I stood there, unsure what to do or say. All the other women were crying and shouting too. Eventually I left the room and walked around the rest of the house and into the garden. I wanted to find Sharifa. I couldn’t believe her husband wouldn’t even allow her to come to her own father’s funeral. I pictured Sharifa’s large green eyes full of tears but unable to cry properly for her family, as she was too busy toiling away in her new house burdened down by five young children. Sharifa, the girl whose dreams were shattered and whose youth was sold.

I never saw Sharifa again. I stopped going to her house and I found it hard to accept that Sharifa had given up her education and was the wife of an older man and mother to someone else’s children. But her story, and my memories of our friendship, remain with me to this day.

Sharifa’s plight is not an unusual one. Afghan men often marry a second wife if the first one doesn’t produce a son. Most of them have no understanding of how the sex of a baby is determined, and simply blame their wives for any difficulty either in conceiving or failing to produce a son – men are never to be blamed for such things.
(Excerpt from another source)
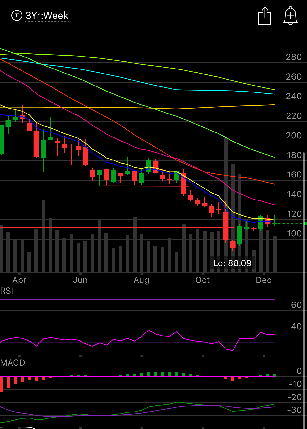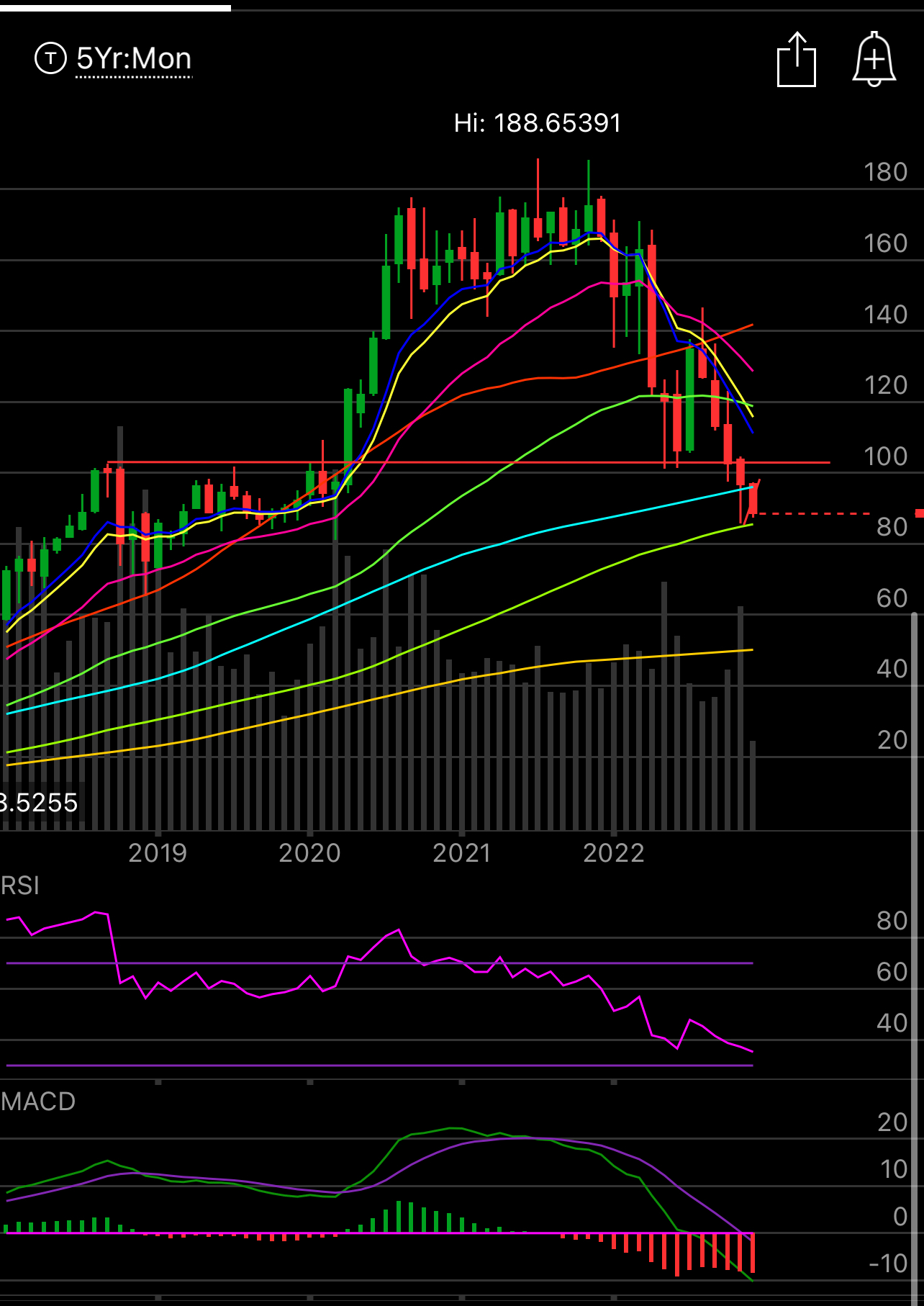 The Amazon puts I sold are tricky. This equity looks horrible, look at this monthly chart below. The RSI on the monthly is at its lowest point in over a decade, this is so beaten down I can’t suggest a buy no matter how good the valuation is. Just sell puts and hope it falls to you but $75 should hold, aside from being sub an $800b valuation it is below the covid lows and around the next big support level.

Many mothers still constantly tell their daughters to obey their brothers and do things for them because boys are better than girls, and some Afghan mothers even keep their jewellery to give to their son’s bride, rather than to their own daughters. I’m happy to be living now in a society where men and women are equally valued, and parents are happy to have either a baby daughter or a baby son.

Nasreen’s Story

As a girl growing up in Afghanistan and then Pakistan my cultural upbringing has been a mix of Afghan, Persian, Indian and Arabic influences. Most of the books that I have read are in the two main languages of Afghanistan – Pashtu or Dari – and the songs and poems that I’ve heard and the movies I’ve watched have all spoken about the love between a man and a woman. These love stories – such as the Pashtu romance of Adam Khan and Durkhany, for example – have been passed on from generation to generation. Durkhany is a beautiful and intelligent woman who falls in love with a handsome musician but she is betrothed to another man. She and Adam Khan pine for each other and can only be together in death. Some of these famous tales have even been made into Bollywood films. These are the love stories I grew up with.